Re: [PATCH v2 01/12] fs-verity: add a documentation file

From: Darrick J. Wong
Date: Mon Dec 17 2018 - 15:01:25 EST


On Thu, Dec 13, 2018 at 08:48:03PM -0800, Eric Biggers wrote:
> Hi Christoph,
>
> On Thu, Dec 13, 2018 at 12:22:49PM -0800, Christoph Hellwig wrote:
> > On Wed, Dec 12, 2018 at 12:26:10PM -0800, Eric Biggers wrote:
> > > > As this apparently got merged despite no proper reviews from VFS
> > > > level persons:
> > >
> > > fs-verity has been out for review since August, and Cc'ed to all relevant
> > > mailing lists including linux-fsdevel, linux-ext4, linux-f2fs-devel,
> > > linux-fscrypt, linux-integrity, and linux-kernel. There are tests,
> > > documentation (since v2), and a userspace tool. It's also been presented at
> > > multiple conferences, and has been covered by LWN multiple times. If more
> > > people want to review it, then they should do so; there's nothing stopping them.
> >
> > But you did not got a review from someone like Al, Linus, Andrew or me,
> > did you?
>
> Sure, those specific people (modulo you just now) haven't responded to the
> fs-verity patches yet. But again, the patches have been out for review for
> months. Of course, we always prefer more reviews over fewer, and we strongly
> encourage anyone interested to review fs-verity! (The Documentation/ file may
> be a good place to start.) But ultimately we cannot force reviews, and as you
> know kernel reviews can be very hard to come by. Yet, people still need
> fs-verity anyway; it isn't just some toy. And we're committed to maintaining
> it, similar to fscrypt. The ext4 and f2fs maintainers are also satisfied with
> the current approach to storing the verity metadata past EOF; in fact it was
> even originally Ted's idea, I think.
>
> >
> > > Can you elaborate on the actual problems you think the current solution has, and
> > > exactly what solution you'd prefer instead? Keep in mind that (1) for large
> > > files the Merkle tree can be gigabytes long, (2) Linux doesn't have an API for
> > > file streams, and (3) when fs-verity is combined with fscrypt, it's important
> > > that the hashes be encrypted, so as to not leak information about the plaintext.
> >
> > Given that you alread use an ioctl as the interface what is the problem
> > of passing this data through the ioctl?
>
> Do you mean pass the verity metadata in a buffer? That cannot work in general,
> because it may be too large to fit into memory.
>
> Or do you mean pass it via a second file descriptor? That could work, but it
> doesn't seem better than the current approach. It would force every filesystem
> to move the metadata around, whereas currently ext4 and f2fs can simply leave it
> in place. If you meant this, are there advantages you have in mind that would
> outweigh this?

FWIW, if I were (hypothetically) working on an xfs implementation, I
likely would have settled on passing a reference to a merkle tree
through a (fd, length) pair, because that allows us plenty of options
on the back end:

b) we could remap the tree into a new inode fork for merkle trees, or
a) remap it as posteof blocks like ext4/f2fs does, or
c) remap the blocks into the attribute fork as an (unusually large)
extended attribute value.

If the merkle_fd isn't on the same filesystem as the fd we could at
least use generic_copy_file_range (i.e. page cache copying) to land the
merkle tree wherever we want.

Granted, it's not like we can't do any of those three things given the
current interface. I gather most of the grumbling has to do with
feeling like we're associating the on-disk format to the ioctl interface
too closely?

I certainly can see why you'd want to avoid having to run a whole bunch
of SWAPEXT operations to set up a verity file, though.
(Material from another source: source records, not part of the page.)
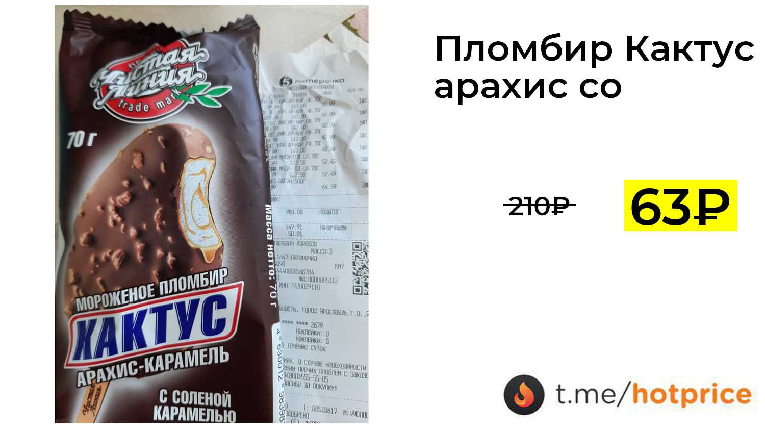 🔹 [МСК и м/б др.] Пломбир Кактус арахис соленая карамель 70 гр за 63₽ ❗️ (везде: 210+₽)
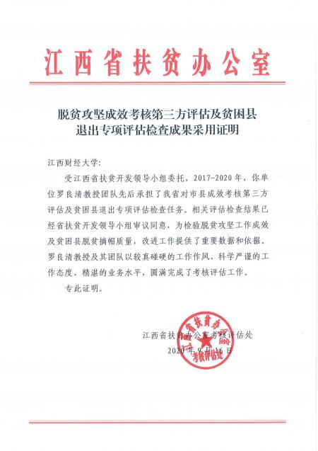 表彰文件指出,社会服务是评价学校办学水平和“双一流”建设水平的重要标志。近年来,校属各单位认真学习贯彻习近平总书记关于教育的重要论述和视察江西重要讲话精神,充分发挥学科专业和人才智力优势,主动对接国家和区域重大战略需求,在打造高层次教育培训服务品牌、建设财经特色高端智库、推动科研服务地方经济发展、助力脱贫攻坚和乡村振兴、促进国际人文交流以及为社会培养输送创新创业人才等方面取得了丰硕成果,涌现出一批社会服务表现突出的单位。统计学院在服务国家脱贫攻坚成绩斐然,团队在贫困退出考核评估领域研究丰硕,获得了第一届统计科学技术进步奖,江西省脱贫攻坚先进集体(全省高校唯一获集体奖项单位)。
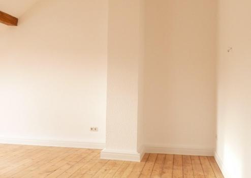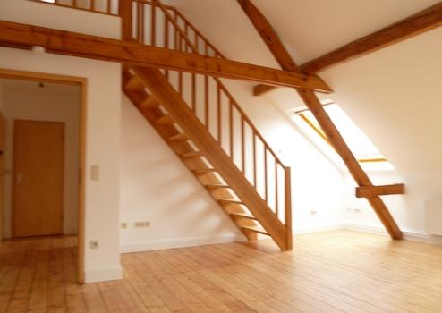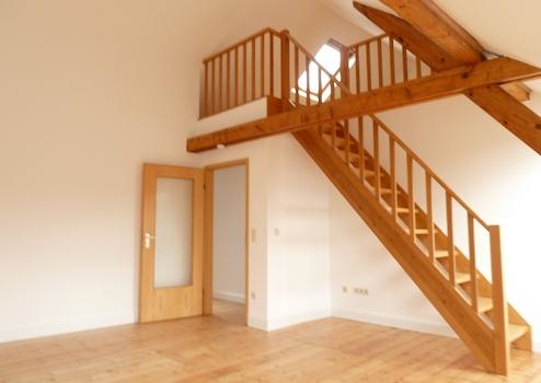 Die Wohnung befindet sich im Dachgeschoß eines sanierten Altbaus aus der Jahrhundertwende mit angenehmer Mieterstruktur. Sie verfügt über ein sehr großes und hohes Wohnzimmer mit einem Zugang zu einer Empore über eine Treppe, einem weiteren Zimmer, Küche, Diele und Bad. Die Empore kann als Schlafbereich genutzt werden. Die Wohnung hat damit Maisonette-Charakter.
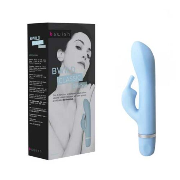B Swish- BWild Classic Bunny, to wibrator który zabierze Cię na wyższy poziom rozkoszy. Składa się z wibratora oraz stymulatora łechtaczki, który swym kształtem przypomina kultowego już w tej branży króliczka. B Swish-B Wild Deluxe Bunny wyposażony jest w pięć funkcji wibracji. Model posiada dwa silniczki, jeden w głównej części, a drugi w stymulatorze łechtaczki. Unikatowo wyprofilowana główka o lekko zagiętym kształcie, jest dodatkowo lekko pogrubiona, co świetnie stymuluje punkt G i trafia w najwrażliwsze miejsca kobiety. Stymulator w trakcie wibracji wprawia w ruch królicze uszka, które pieszczą łechtaczkę. Wibrator pokryty jest niezwykle delikatnym i bardzo przyjemnym w dotyku silikonem, wolnym od szkodliwych ftalanów. Materiał należy do grupy materiałów medycznych, co minimalizuje ryzyko podrażnień. Dodatkowym atutem tego modelu jest wodoodporność, co ma duży wpływ na higienę użytkowania. B Swish-B Wild Deluxe Bunny jest idealny dla tych kobiet, które potrzebują stymulacji łechtaczki, aby osiągnąć szczyt rozkoszy. Skuś się, a nie pożałujesz. Maksimum rozkoszy, za niezwykle przystępną cenę! B Swish - BWild Classic Bunny: - sterowanie jednym przyciskiem, - ciekawy design, - posiada pięć funkcji wibracji, - stymulator łechtaczki, - dwa silniczki, - stymulacja punktu G, - wodoodporny, - wykonany z materiałów medycznych, - szybko się ogrzewa, - wysoka jakość produktu, - estetyczne opakowanie. Wymiary: długość całkowita 15 cm. średnica 2,5 cm. Materiał: Wykonany z bezpiecznego silikonu medycznego. Kolor: błękitny. Zasilanie: Baterie 2 x AAA (do kupienia oddzielnie). Czas pracy: 3 godziny B Swish, to marka wyjątkowa. Jej produkty są idealnym połączeniem klasyki i nowoczesności. Te produkty zaspakajają oczekiwania najbardziej wymagających klientów. Każda z zabawek jest wykonana z niezwykłą dokładnością i starannością. Zarówno linia, jak i kolor każdego modelu przyciągają wzrok. Akcesoria pokryte są, niezwykle delikatnym w dotyku i bezpiecznym w użyciu materiałem. B Swish, to nowy poziom rozkoszy, w niezwykle przystępnej cenie.SexshopSexshop Kraków
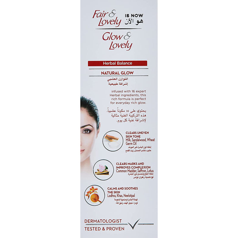 • Infused with 16 expert Herbal ingredients, this rich formula is perfect for everyday rich glowing skin. The Glow & Lovely Herbal Balance Face cream clears uneven skin tone with ingredients such as Milk, Sandalwood, Wheat Germ Oil The Glow & Lovely Herbal Balance Face cream CLEARS MARKS AND IMPROVES COMPLEXION with ingredient such as Common Madder, Saffron, Lotus Assists in hyperpigmentation. The Glow & Lovely Herbal Balance Face cream CALMS AND SOOTHES THE SKIN with these ingredients, Lodhra, Khas, Neelotpal. Helps even skin tone. DERMATOLOGIST TESTED & PROVEN and suitable for all skin types. Best used after Glow & Lovely Face wash to optimize brighter skin reducing dark spot It is recommended that Glow & Lovely Advanced Multi Vitamin cream be used twice daily – once in morning and once in evening after cleansing your face for glowing skin."

Anyhow, that's just my 2 cents. :)

--D

> We also considered generating the Merkle tree in the kernel, in which case
> FS_IOC_ENABLE_VERITY would just take a small structure similar to the current
> fsverity_descriptor. But that would add extra complexity to the kernel, and
> generating a Merkle tree over a large file is the type of parallelizable, CPU
> intensive work that really should be done in userspace. Also, having userspace
> provide the Merkle tree allows for it to be pre-generated and distributed with
> the file, e.g. provided in a package to be installed on many systems.
>
> But please do let us know if you have any better ideas.
>
> Thanks!
>
> - Eric